The drama surrounding Brave Collective and their retreat from catch with Pandemic Legion nipping at their heels, combined with the coup and counter-coup within their leadership ranks, serves a powerful reminder to me of why I ended up in low sec.

Don't get me wrong, null sec can be vast amounts of fun. There is a certain level of satisfaction of seeing your associated group come together to build something grand, something that individually would be impossible to achieve. Even if you are just a scrub in a frigate, there is a feeling that you are part of a greater whole, a cog in an important machine, build towards something glorious. Even in those fights when you do nothing but target called primaries and hit F1 you feel a sense of accomplishment. "I was there!" Sitting on the forums and discussing plans, seeing ops scheduled, watching for pings on jabber, buying the new doctrine ships... I can still feel the tingle and many days I miss it.

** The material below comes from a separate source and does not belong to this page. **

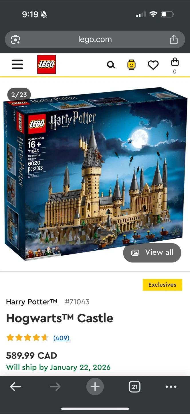 Selling a LEGO Harry Potter Hogwarts Castle set #71043. Originally priced at $589.99 CAD. Comes with everything, mini figs and tiny mini figs. Completely built, I have the instruction books and box, if wanted. a little dusty, nothing a good wipe will fix. Want gone as soon as possible. $350 or B. O.

Null sec is fun... until its not.

The flip side of all that organization is that when the wheels come off the bus, the bus doesn't just go into the ditch, it flips and bursts into flames and everyone runs around throwing piles of flaming shit at each other. I've been there; chaos ensues, every carrier for themselves, for every bright spot of self sacrifice there are ten instances of rats abandoning the ship (disclaimer: I've been both).

Once I got out of the null sec grinder and really moved into low sec via piracy and then faction warfare, I discovered a truth. Null sec is more fun for those in leadership positions than those in the lower echelons. As a front line grunt, you don't get to see the diplomatic shenanigans, the wheeling and dealing, the strategic level planning, the secret ops, the glory of building the coalition and the agony of when it burns. From low sec I was able to clear my head, look back, and while appreciating the feeling of being part of something larger I was able to understand that in order to own my own fate I would need to forge it in low sec where the demands are lighter and the risks less destructive. Your alliance looses a station in null sec and your assets in there are locked up tighter than fort knox. In low sec in faction warfare, you send in a neutral alt.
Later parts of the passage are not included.